Let the numbers be $a$ and $b$.

Then,

$$\begin{aligned} A & =\frac{a+b}{2} \\ \Rightarrow \quad 2 A & =a+b\quad \text{.... (i)} \end{aligned}$$

and $G_1, G_2$ be geometric mean between $a$ and $b$, then $a, G_1, G_2, b$ are in GP.

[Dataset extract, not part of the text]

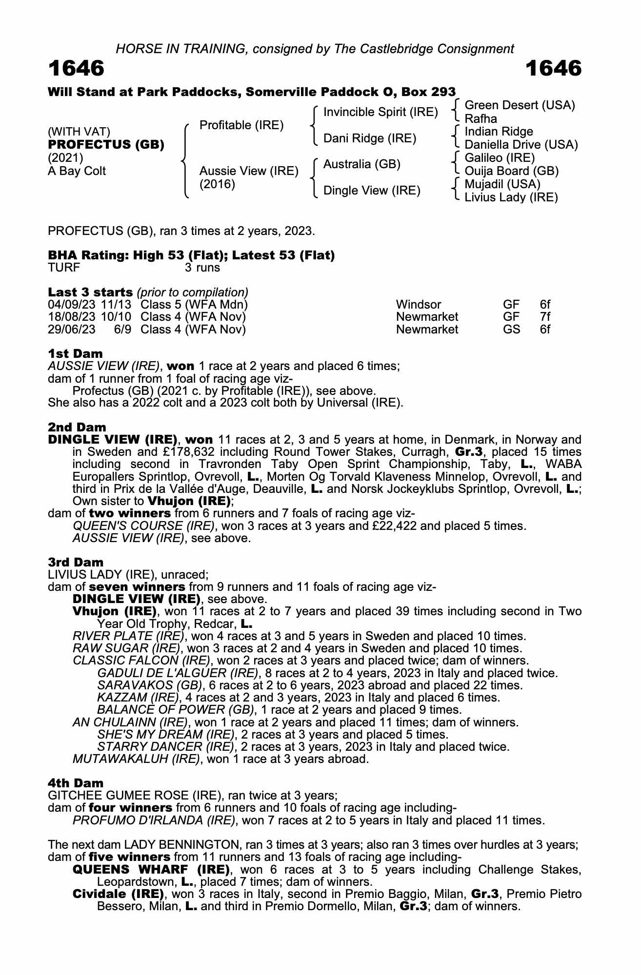 Monday 2 October:  PROFECTUS (GB), ran a few times at 2 years, 2023.

Let $r$ be the common ratio.

Then,

$$\begin{aligned} & b=a r^{4-1} \quad \left[\because a_n=a r^{n-1}\right] \\ \Rightarrow\quad& b=a r^3 \Rightarrow \frac{b}{a}=r^3 \\ \therefore \quad& r=\left(\frac{b}{a}\right)^{1 / 3} \end{aligned}$$

Now, $$G_1=a r=a\left(\frac{b}{a}\right)^{1 / 3} \quad\left[\because r=\left(\frac{b}{a}\right)^{1 / 3}\right]$$

and $$G_2=a r^2=a\left(\frac{b}{a}\right)^{2 / 3}$$

$$\begin{aligned} \text{RHS} & =\frac{G_1^2}{G_2}+\frac{G_2^2}{G_1}=\frac{\left[a\left(\frac{b}{a}\right)^{1 / 3}\right]^2}{a\left(\frac{b}{a}\right)^{2 / 3}}+\frac{\left[a\left(\frac{b}{a}\right)^{2 / 3}\right]^2}{a\left(\frac{b}{a}\right)^{1 / 3}} \\ & =\frac{a^2\left(\frac{b}{a}\right)^{2 / 3}}{a\left(\frac{b}{a}\right)^{2 / 3}}+\frac{a^2\left(\frac{b}{a}\right)^{4 / 3}}{a\left(\frac{b}{a}\right)^{1 / 3}} \\ & =a+a\left(\frac{b}{a}\right)=a+b=2 A \quad \text{[using Eq. (i)]}\\ & =\text { LHS } \end{aligned}$$